Work required:
Make an exact copy of the entries below with the pictures removed.

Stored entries
# # #
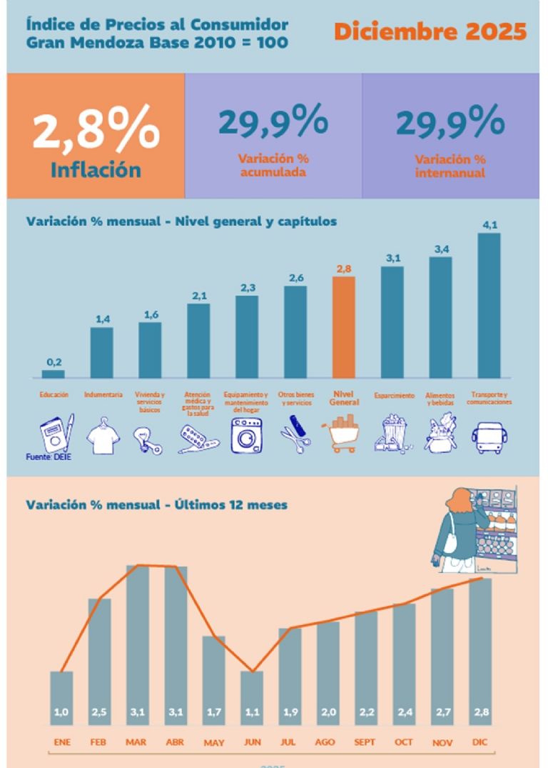 En Mendoza el IPC fue igual que el nacional, de 2,8% y la anual de 29,9%. Los rubros que más aumentaron fueron: Transporte y comunicaciones, alimentos y bebidas, bienes y servicios, equipamiento y mantenimiento del hogar y salud. La suba del boleto dispuesta por el Gobierno se sintió en el Índice de Precios al Consumidor.
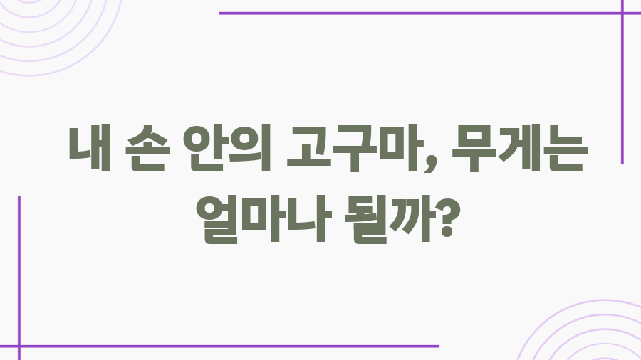 고구마 무게, 생각보다 꽤나 다양하다는 사실! 마트에서 파는 일반적인 크기의 고구마는 대략 100g 정도 나간다고 해요. 하지만 미니 밤고구마처럼 작은 사이즈는 40g에서 60g 정도, 큼지막한 꿀고구마는 150g에서 200g까지 나갈 수도 있답니다. 심지어 400g이 넘는 슈퍼 사이즈 고구마도 있다는 사실!
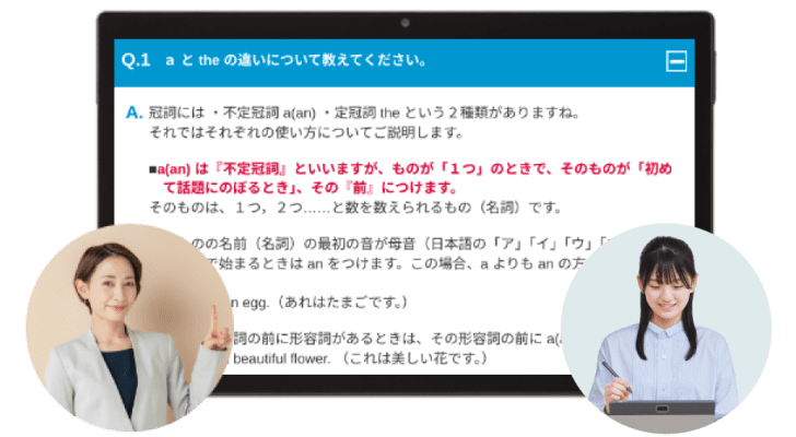 Z会の教材でわからないことがあったり、学習の進め方で悩んだりしたときは、Z会学習アプリの「教えてZ会!」から質問・相談できます。日々の学習で生じるわからない問題の質問だけでなく、進路相談もでき、保護者の方も活用いただけます。
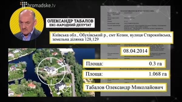 Поруч з подарунком Шуфрича розташувався дім, який, імовірно, належить Олександру Табалову – екс-нардепу «Блоку Юлії Тимошенко», який свого часу «прославився» своєю відмовою входити до фракції «Батьківщина», за що і отримав від колег ганебне звання «тушки». У квітні 2014-го Табалов оформив на себе дві ділянки на Старокиївській, 128 і 129. До речі, нині за «сотку» землі тут просять 7-9 тисяч доларів. Відтак, табаловські півтора гектари елітної землі «тягнуть» на дуже солідну суму. На оформленій землі вже можна побачити будинок, який більше нагадує невеличкий палац.
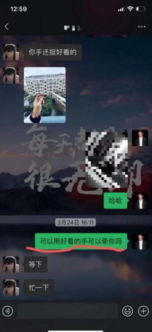 很多兄弟也会遇到妹子找你要照片的情况,他们总是问我这个时候要怎么办?其实妹子只要找你要照片了,你最后肯定是要给一张的,假如你不给,会给妹子留下你不自信的印象,连张照片都拿不出手?但是给的方式可以有很多。兄弟们的顾虑呢其实我一样也是有的,无聊哥长得也不帅,遇到妹子问我身高的时候我也挺尴尬的,我才165,勉强说170,但是吧根据我的经验,在加了微信以后极少遇到妹子要了照片觉得我不帅把我删了的情况,我基本都能约出来。好多时候,自信都是慢慢建立在一次次的成功之上的,等你约到越来越多的妹子,你也会变得自信。在交友软件上加到微信之前,我倒是也遇到过几个给了我自拍照之后妹子不理我的情况,但是这丝毫影响不了我,因为我的“玩家心态”告诉我,这改变不了什么,唯一能改变的就是我的约会对象从这个女人变成另外一个女人了而已。
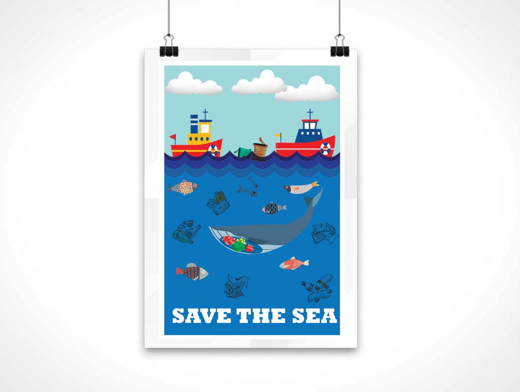 Poster tuyên truyền bảo vệ môi trường biển. Project được thực hiện bằng phong cách Illustration với màu xanh dương của biển là màu chủ đạo.
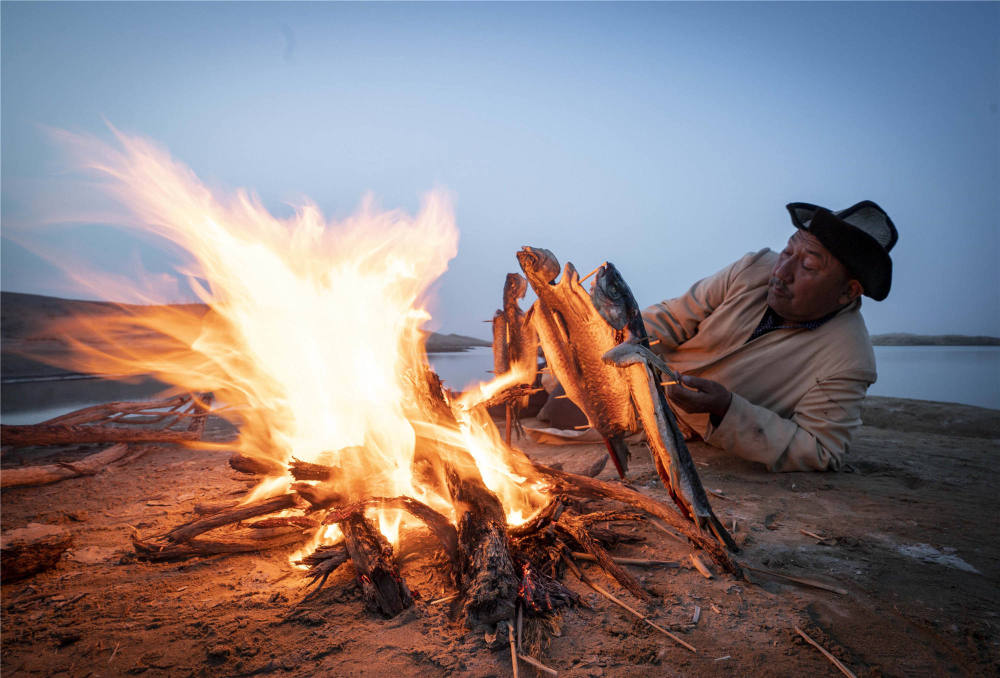 ↑2019年4月11日,在新疆尉犁县罗布人村寨里,罗布人阿木东·艾不东在塔里木河畔烤鱼。新华社记者赵戈摄
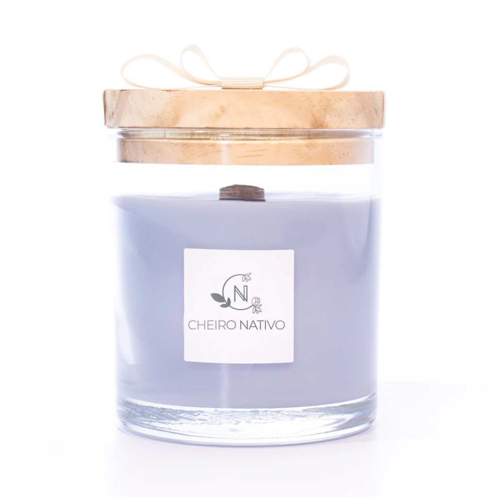 Vela perfumada com base vegetal e longa duração. Não libera fumaça escura e não contém ingredientes de origem animal.
# # #
Completed task:
 En Mendoza el IPC fue igual que el nacional, de 2,8% y la anual de 29,9%. Los rubros que más aumentaron fueron: Transporte y comunicaciones, alimentos y bebidas, bienes y servicios, equipamiento y mantenimiento del hogar y salud. La suba del boleto dispuesta por el Gobierno se sintió en el Índice de Precios al Consumidor.
 고구마 무게, 생각보다 꽤나 다양하다는 사실! 마트에서 파는 일반적인 크기의 고구마는 대략 100g 정도 나간다고 해요. 하지만 미니 밤고구마처럼 작은 사이즈는 40g에서 60g 정도, 큼지막한 꿀고구마는 150g에서 200g까지 나갈 수도 있답니다. 심지어 400g이 넘는 슈퍼 사이즈 고구마도 있다는 사실!
 Z会の教材でわからないことがあったり、学習の進め方で悩んだりしたときは、Z会学習アプリの「教えてZ会!」から質問・相談できます。日々の学習で生じるわからない問題の質問だけでなく、進路相談もでき、保護者の方も活用いただけます。
 Поруч з подарунком Шуфрича розташувався дім, який, імовірно, належить Олександру Табалову – екс-нардепу «Блоку Юлії Тимошенко», який свого часу «прославився» своєю відмовою входити до фракції «Батьківщина», за що і отримав від колег ганебне звання «тушки». У квітні 2014-го Табалов оформив на себе дві ділянки на Старокиївській, 128 і 129. До речі, нині за «сотку» землі тут просять 7-9 тисяч доларів. Відтак, табаловські півтора гектари елітної землі «тягнуть» на дуже солідну суму. На оформленій землі вже можна побачити будинок, який більше нагадує невеличкий палац.
 很多兄弟也会遇到妹子找你要照片的情况,他们总是问我这个时候要怎么办?其实妹子只要找你要照片了,你最后肯定是要给一张的,假如你不给,会给妹子留下你不自信的印象,连张照片都拿不出手?但是给的方式可以有很多。兄弟们的顾虑呢其实我一样也是有的,无聊哥长得也不帅,遇到妹子问我身高的时候我也挺尴尬的,我才165,勉强说170,但是吧根据我的经验,在加了微信以后极少遇到妹子要了照片觉得我不帅把我删了的情况,我基本都能约出来。好多时候,自信都是慢慢建立在一次次的成功之上的,等你约到越来越多的妹子,你也会变得自信。在交友软件上加到微信之前,我倒是也遇到过几个给了我自拍照之后妹子不理我的情况,但是这丝毫影响不了我,因为我的“玩家心态”告诉我,这改变不了什么,唯一能改变的就是我的约会对象从这个女人变成另外一个女人了而已。
 Poster tuyên truyền bảo vệ môi trường biển. Project được thực hiện bằng phong cách Illustration với màu xanh dương của biển là màu chủ đạo.
 ↑2019年4月11日,在新疆尉犁县罗布人村寨里,罗布人阿木东·艾不东在塔里木河畔烤鱼。新华社记者赵戈摄
 Vela perfumada com base vegetal e longa duração. Não libera fumaça escura e não contém ingredientes de origem animal.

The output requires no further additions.